• DATA PROVIDED
------------------------------------

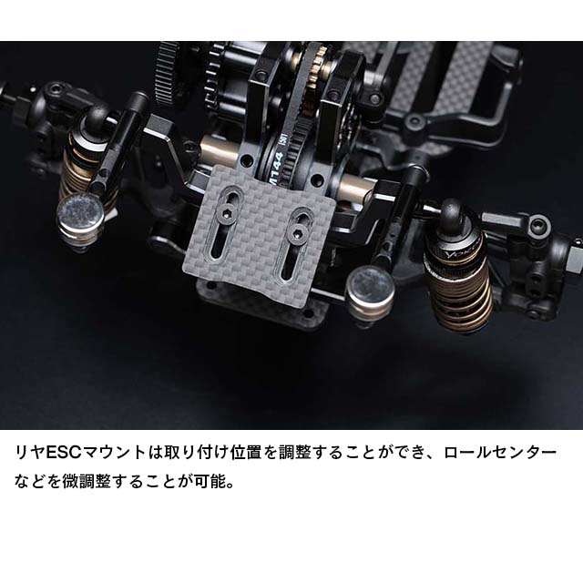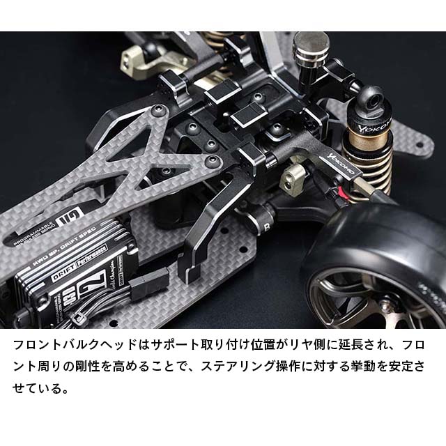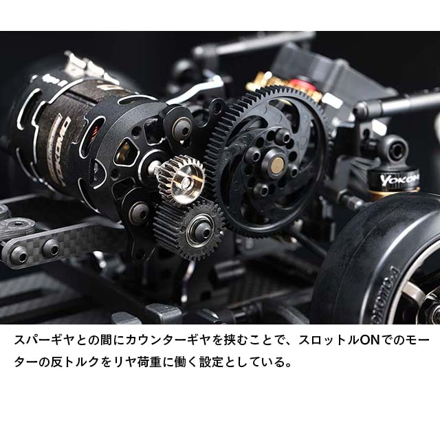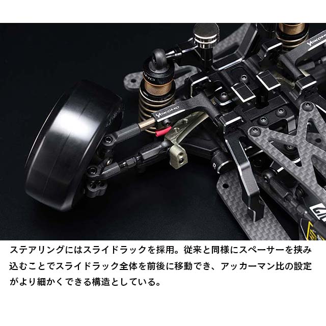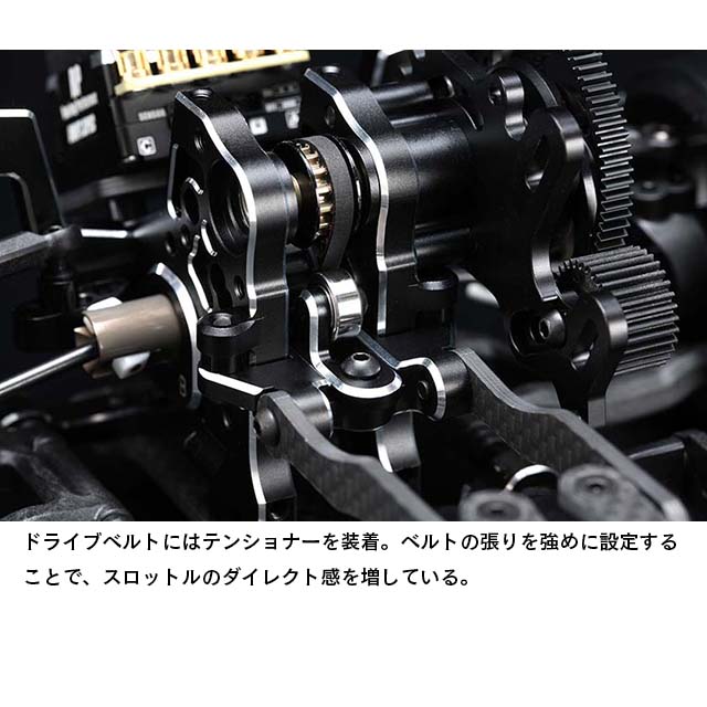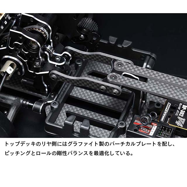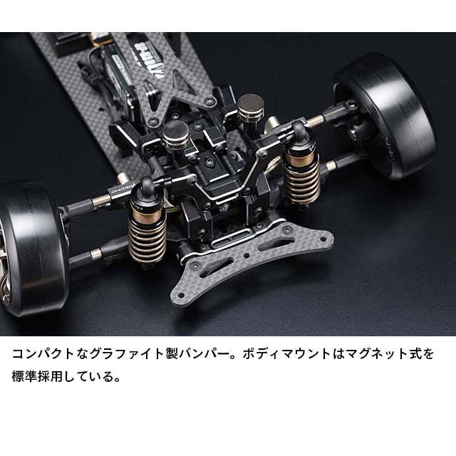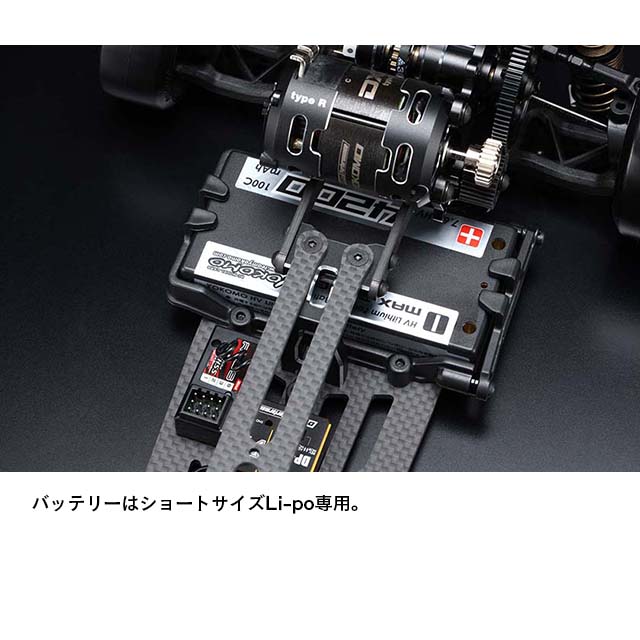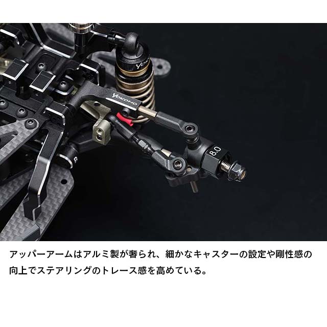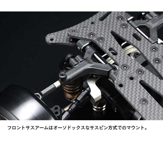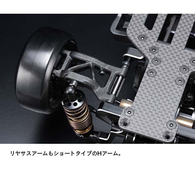 フロント周りでは剛性感によりフロントタイヤへの面圧を高め、コーナー脱出時などのコントロール性を引き出します。サスアームは前後共にサスピン式のHアームを採用していますが、従来のMDシリーズのAアームにも変更でき、今後のオプションパーツ展開も楽しみな設定です。
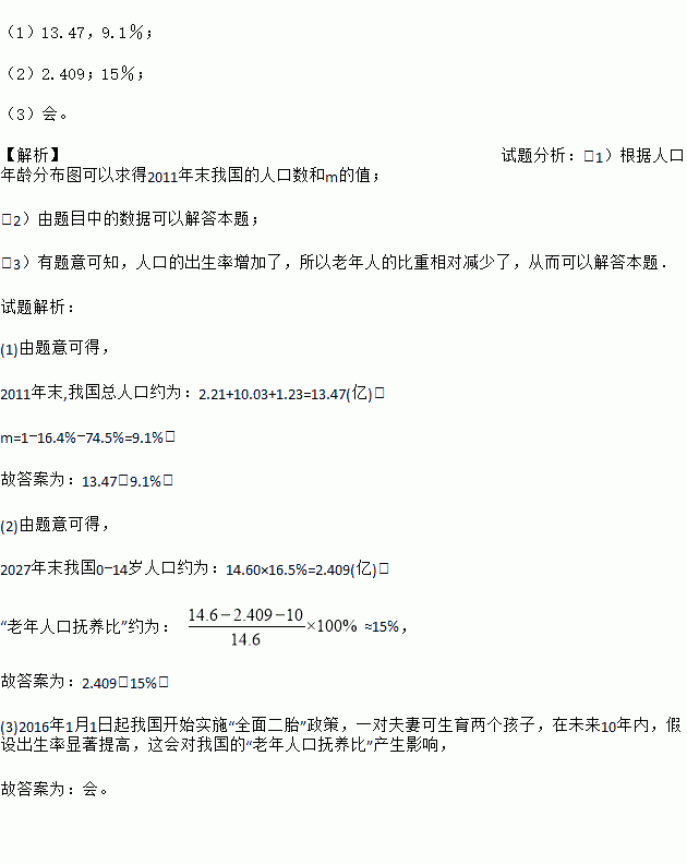 £¨2£©Èô°´Ä¿Ç°ÎÒ¹úµÄÈË¿Ú×ÔÈ»Ôö³¤ÂÊÍÆ²â£¬µ½2027ÄêÄ©ÎÒ¹úÔ¼ÓÐ14.60ÒÚÈË¡£¼ÙÉè0-14ËêÈË¿ÚÕ¼×ÜÈ˿ڵİٷֱÈÒ»Ö±Îȶ¨ÔÚ16.5£¥£¬15-64ËêµÄÈË¿ÚÒ»Ö±Îȶ¨ÔÚ10ÒÚ£¬ÄÇô2027ÄêÄ©ÎÒ¹ú0-14ËêÈË¿ÚԼΪ_______ÒÚ£¬¡°ÀÏÄêÈ˿ڸ§Ñø±È¡±Ô¼Îª_______£» £¨¾«È·µ½1£¥£©
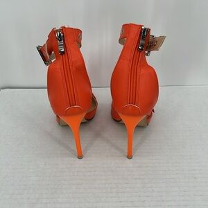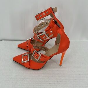 Super cute vibrant orange heels. They are a closed pointed toe style. They have a buckle design throughout. Strappy design with an ankle wrap. Back zipper for easy on & off. Very fun & on trend heels. Perfect for clubbing a party or any special occasion. Great used condition, only worn once have some minor scuffs on back but overall no major signs of wear.
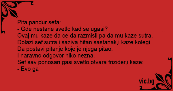 Dolazi sef sutra i saziva hitan sastanak,i kaze kolegi
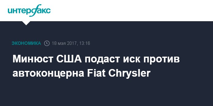 Москва. 18 мая. INTERFAX.RU - Акции Fiat Chrysler Automobiles (FCA) на торгах в Милане в четверг теряют в цене более 5% на информации о том, что министерство юстиции США готовится подать судебный иск против автопроизводителя.
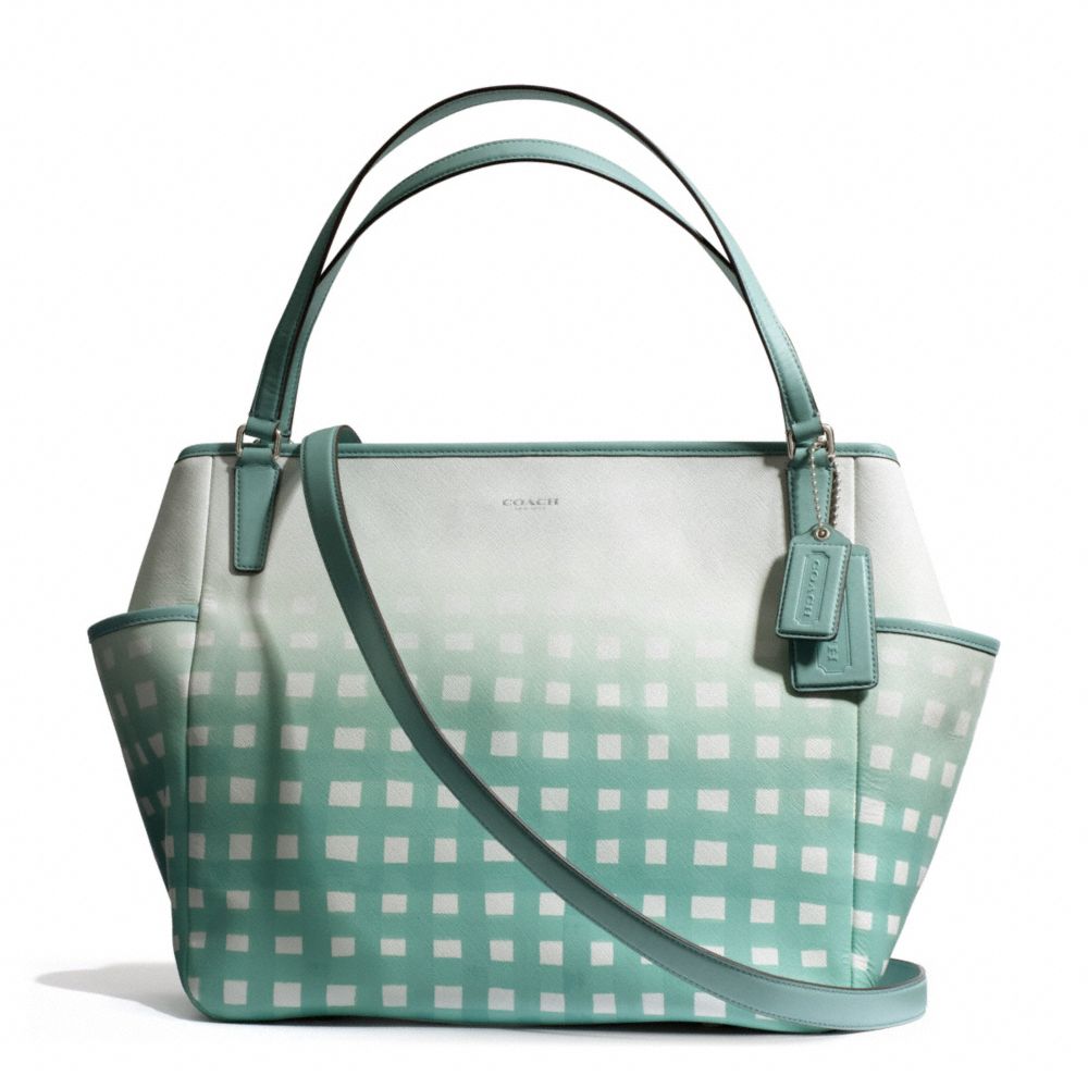 COACH FACTORY OUTLET PRICE CHART - F30342 - GINGHAM SAFFIANO BABY BAG TOTE - SILVER/WHITE/DUCK EGG
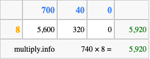 That's all there is to it! As you can see from the box above, the answer to 740 times 8 using the box method is 5,920.
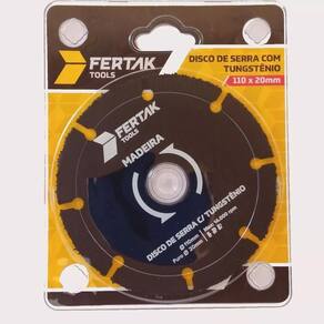 Disco de Serra com Tungstênio 110 x 20mm Para Madeira Fertak Utilizado para realizar cortes em madeiras além de ter resistência superior podendo ser utilizado em madeiras com pregos e resíduos de concreto.
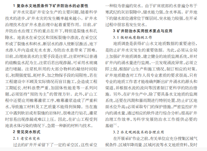 复杂水文地质条件下的矿井防治水技术应用
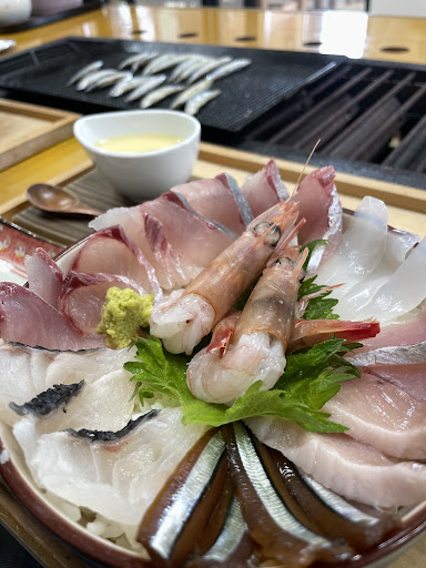 漁師直営の店で店内も広くてスタッフさんも明るく雰囲気の良い中で食事が進むことこの上なし。海鮮丼、海鮮BQも鮮度抜群でタカエビは刺身で食べてから頭を焼いて食べた。大きなカマまで出て来て3人でシェアしました。単品で頼んだけど、鶏のからあげもそこいらの唐揚げ屋さんよりもジューシで美味しかった。食も酒も進むね。ただ岩ガキのシーズンだったら更に楽しめたのにね残念。改めて思ったのだけれど、昼間に飲むビールが1番美味いと感じ...
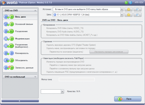 DVDFab Platinum – мощный, многофункциональный программный продукт для копирования DVD дисков с возможностями гибкой обработки видеопотока. Программа является одной из лучших на сегодняшний день, из инструментов для копирования, разбиения, пережатия и конвертирования DVD дисков с фильмами. Снимает все защиты и ограничения с диска и при желании пережмет диск большой емкости и вместит его в обыкновенную пустую DVD болванку с минимальными потерями качества (DVD9->DVD5) или разобъет фильм на два диска с полным переносом его меню, удалит всю рекламу, запишет только фильм и многое другое. Программа имеет интуитивно понятный, мультиязычный интерфейс включая русский.
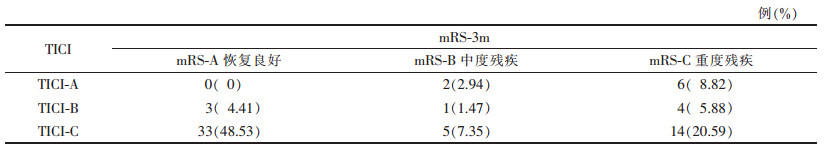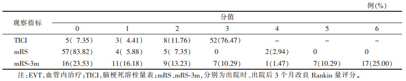 EVT治疗24 h后,NIHSS-24平均(11.00±6.96)分(0~23分),CCS平均(3.00±1.13)分(0~4分),OTID平均(300.00±11.06)min(140~720 min);TICI和mRS-3m评分见表 1。并发症:栓塞8例(11.76%),蛛网膜下腔出血2例(2.94%)。
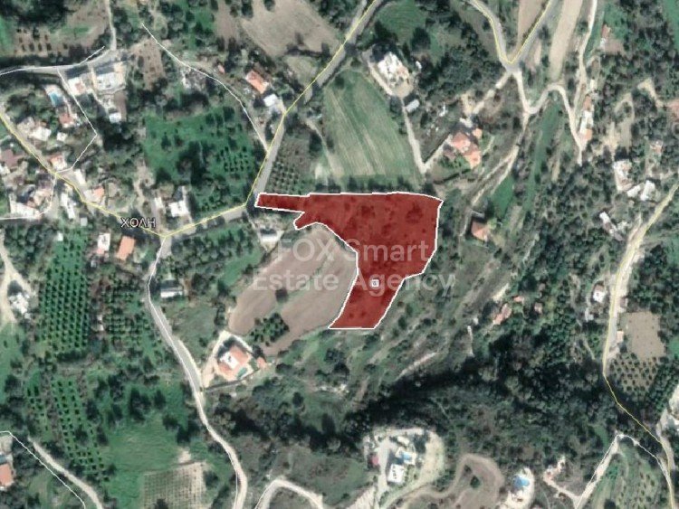 The property for sale is a residential field which lies within the administrative boundaries of Choli village, in Paphos District. It has an irregular shape and an even surface. It abuts onto a public registered road along its north western boundary with frontage of approximately 10 meters. Furthermore, the property enjoys a nice view of the surrounding area. It falls within the Residential Zone H2 (94%), having building density coefficient 90% and within the Protected Zone Z3 (6%) having buil...

------------------------------------

• DESCRIPTION OF THE TASK
Your answer should consist of the lines above between those holding "Москва. 18 мая." and "That's all there", inclusive, reproduced word for word and without pictures.

• RESULT OF THE TASK
 Москва. 18 мая. INTERFAX.RU - Акции Fiat Chrysler Automobiles (FCA) на торгах в Милане в четверг теряют в цене более 5% на информации о том, что министерство юстиции США готовится подать судебный иск против автопроизводителя.
 COACH FACTORY OUTLET PRICE CHART - F30342 - GINGHAM SAFFIANO BABY BAG TOTE - SILVER/WHITE/DUCK EGG
 That's all there is to it! As you can see from the box above, the answer to 740 times 8 using the box method is 5,920.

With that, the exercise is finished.